Open srimanob opened 5 months ago
cms-bot internal usage
A new Issue was created by @srimanob.
@sextonkennedy, @rappoccio, @makortel, @antoniovilela, @Dr15Jones, @smuzaffar can you please review it and eventually sign/assign? Thanks.
cms-bot commands are listed here
I'd suspect the reason for the failure reported in https://github.com/cms-sw/cmssw/issues/44306 was the array in stack became large, rather than the array being variable-length itself.
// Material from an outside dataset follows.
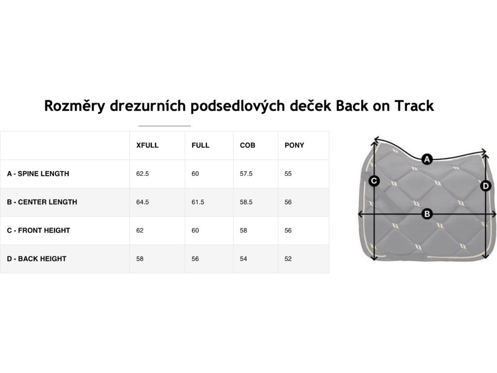 Podsedlová dečka zdobená celoplošným čtvercovým prošíváním. Má poutka na podbřišník, díky kterým skvěle drží na svém místě. Materiál je prodyšný a dobře odvádí vlhkost. Výplň tvoří polyfill a tlumicí pěna, které zajišťují optimální rozložení tlaku. Dečka nabízí terapeutický účinek díky technologii Welltex®. Technologie Welltex® stimuluje prokrvení a může pomoci uvolnit napětí ve svalech. Vždy doporučujeme začít používat Back on Track na kratší dobu a postupně ji prodlužovat, aby se předešlo nežádoucím účinkům.

As mentioned in https://github.com/cms-sw/cmssw/issues/44306#issuecomment-2100666666, VLA is a non-standard extension. From the past I recall e.g. tracking code uses
https://github.com/cms-sw/cmssw/blob/2169b5684eb29db8aa2e60eded3eedfc3479df80/CommonTools/Utils/interface/DynArray.h#L4-L5
for performance reasons (but I can't tell on the top of my head how big the impact of moving to e.g. std::vector
would be there).
Is the scope of this issue to remove VLA in L1T code, or everywhere in CMSSW?
Hi @makortel Thanks for the comment. My initial thought is how risk we are on this VLA, as this is just a pop-up issues in L1T module. It seems we will never know if we are at boundary of failure until it fails. Do we have cons for migration?
Do we have cons for migration? YES. performance.
Just avoid those very large arrays in first place.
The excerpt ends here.